Characteristics of the patient sample (n = 44).
| Characteristic | Result | % | SD | Range |
|---|---|---|---|---|
| Sex | ||||
| Male | 27 | 61 | ||
| Female | 17 | 39 | ||
| Mean age (years) | 43 | 12 | 18–71 | |
| Mean weight (kg) | 79.7 | 15.5 | ||
| Smoking tobacco | 18 | 41 | ||
| Mean clozapine dose (mg/day) | 292.6 | 133.6 | 50–600 | |
SD, standard deviation.
TDM preferences and test feasibility
When asked about their point of view and preferences regarding TDM, more than 60% of the patients declared TDM of clozapine to be of importance to them. Almost half (49%) of the patients preferred frequent TDM testing (medium or higher frequency of TDM). Most of the participants (58%) favored the capillary blood sampling, with 11% claiming that testing method would affect their adherence to TDM. Moreover, a larger portion (72%) strongly preferred to be tested in the physician’s office rather than the lab. Treatment team (81%) also preferred the capillary testing and predicted most patients would prefer it (Figure 1).
Figure 1.
Therapeutic drug measurement preferences. (a) Preferred sampling method of treatment team (n = 37). (b) Preferred sampling method of patients (n = 38). (c) Preferred sampling setting of patients (n = 39).
Clozapine blood levels
Treating physicians predicted that most patients (62%) would present clozapine blood levels detectable but below the therapeutic threshold, 35% of the participants would be within therapeutic range and only few (3%) were predicted to have clozapine level higher than the range. Analyzing blood samples found the blood level of 57% and 64% of the sample to be below the therapeutic threshold by the LC-MS/MS and the POC device, respectively. Therapeutic blood levels of clozapine (range 350–650 ng/ml) were found in 18% and 21% of the patient’s samples, with the two methods, respectively. Clozapine blood levels above the upper limit of the therapeutic threshold (above 650 ng/ml) were found in 25% and 16% of the sample, respectively.
Test validity
Linear regression model of TDM measurements from the two methods demonstrated high correlation with R2 = 0.83 (p < 0.0001) and mean difference (LC-MS/MS minus POC) of 26 ± 162 ng/ml (median of 4.5 ng/ml) (Figure 2). Concordance rate between samples according to categories was found to be 96% for levels below 350 ng/dl, 62.5% for levels between 350 and 650 ng/ml, and 63.6% for levels above 650 ng/dl (Table 2).
Figure 2.
Comparison of the two assays using linear regression.
POC, point of care.
Table 2.
The concordance rate between the two assays and clozapine blood levels (ng/ml).
| Lab | Insite | |||
| <350 | 351–650 | >650 | ||
| <350 | 96% | |||
| 351–650 | 62.5% | |||
| >650 | 63.6% |
Discussion
In this study, we aimed to assess the feasibility and validity of a novel rapid TDM immunoassay which is performed as an office-based procedure. Our main findings were that most caregivers and patients prefer this testing method over the ‘gold standard’ assay and that the new device provides valid clozapine blood level results.

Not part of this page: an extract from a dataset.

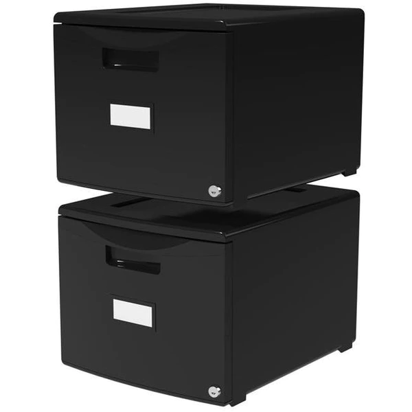 1-Drawer Mini File Cabinet with Lock for Legal-Letter Functional and lightweight. the Filing Drawer is the perfect storage solution for those in need of professional and affordable filing. The durable polypropylene construction allows this cabinet to be stackable as well as moisture and rust resistant. FeaturesTop can support the weight of a standard home/office printerWon't scratch. rust or dentLockable drawer 2 keys includedStacks securely to create a vertical file cabinet of up to 6 drawers highBuilt in label holderPack of 2SpecificationsColor: BlackMaterial: PlasticWeight: 9 lbs
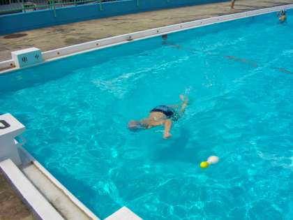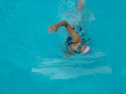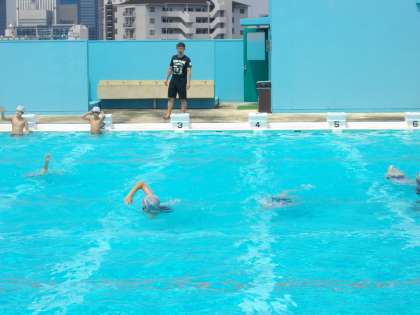 6年生は、25mプールを縦に使い、25m以上泳ぐことにチャレンジしています。

Our results regarding test validity, with a satisfactory R2 of 0.83 (p < 0.0001), are consistent with a previous UK study regarding the same POC device. 11 The authors assessed clozapine blood levels of 309 patients by the two methods, the standard laboratory LC-MS/MS assay and the MyCare™ Insite device. Sample characteristics and inclusion criteria were similar to those applied in the UK study. The latter revealed similarity between the results obtained by the two methods, with correlation coefficient of 0.89 and a slope of 1.0 [95% confidence interval (CI) 0.9–1.0]. Within-patient differences between measures were ⩽10%.

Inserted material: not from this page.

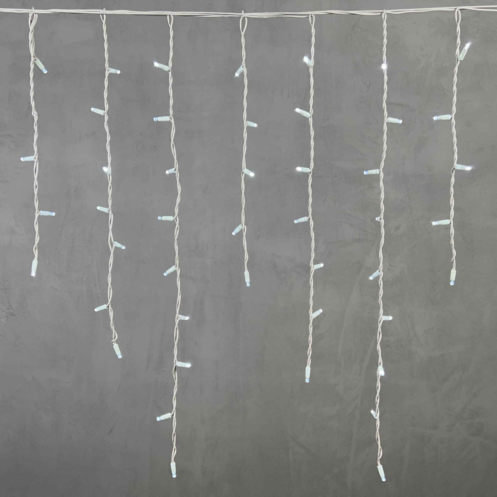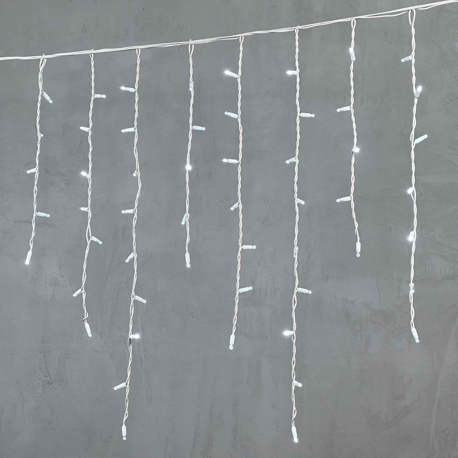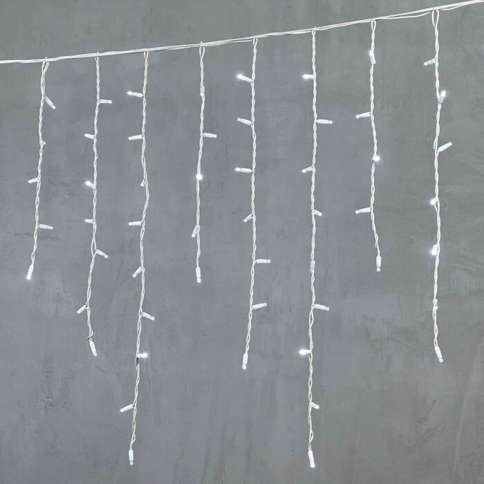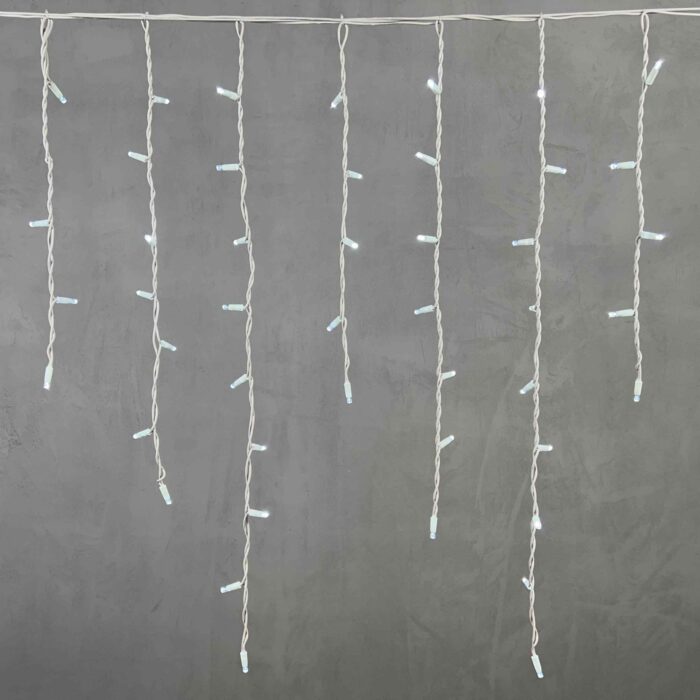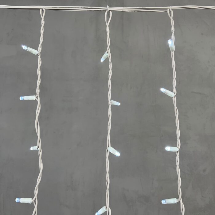Профессиональная гирлянда-бахрома с холодным белым светом, 168 ярких светодиодов, длина 3,2 м. Провод из морозостойкого белого каучука, степень защиты IP65 — надёжна для фасадов частных домов, террас и коммерческих объектов.

In our study, agreement rate between the results obtained by the two methods was better with lower clozapine blood levels (96%) in comparison with higher levels (63%). This may imply that the results obtained by the POC tend to be lower compared with the results from the LC-MS/MS. These findings are comparable with the previous UK POC study. 11 As suggested by the authors, some variation between methods is expected due to use of different types of blood samples (venous plasma versus capillary whole blood) 13 and calibration calculations applied by the assay manufacturer to report plasma results from whole blood samples. In addition, it is important to note that the gold standard LS-MS/MS is not infallible and may be subjected to errors that may affect agreement rate. 14
The current study, beyond confirming the test validity, evaluated user experience and testing method preferences. Patients and their treating physicians were queried regarding various aspects of TDM, testing procedure and personal viewpoints. The participants’ responses reflect a clear trend in favor of Insite capillary testing, indicating that the POC device may contribute to increased TDM adherence. Another important clinical consideration is the immediacy and proximity of the assay, which makes the POC device useful to detect and prevent clozapine overdose.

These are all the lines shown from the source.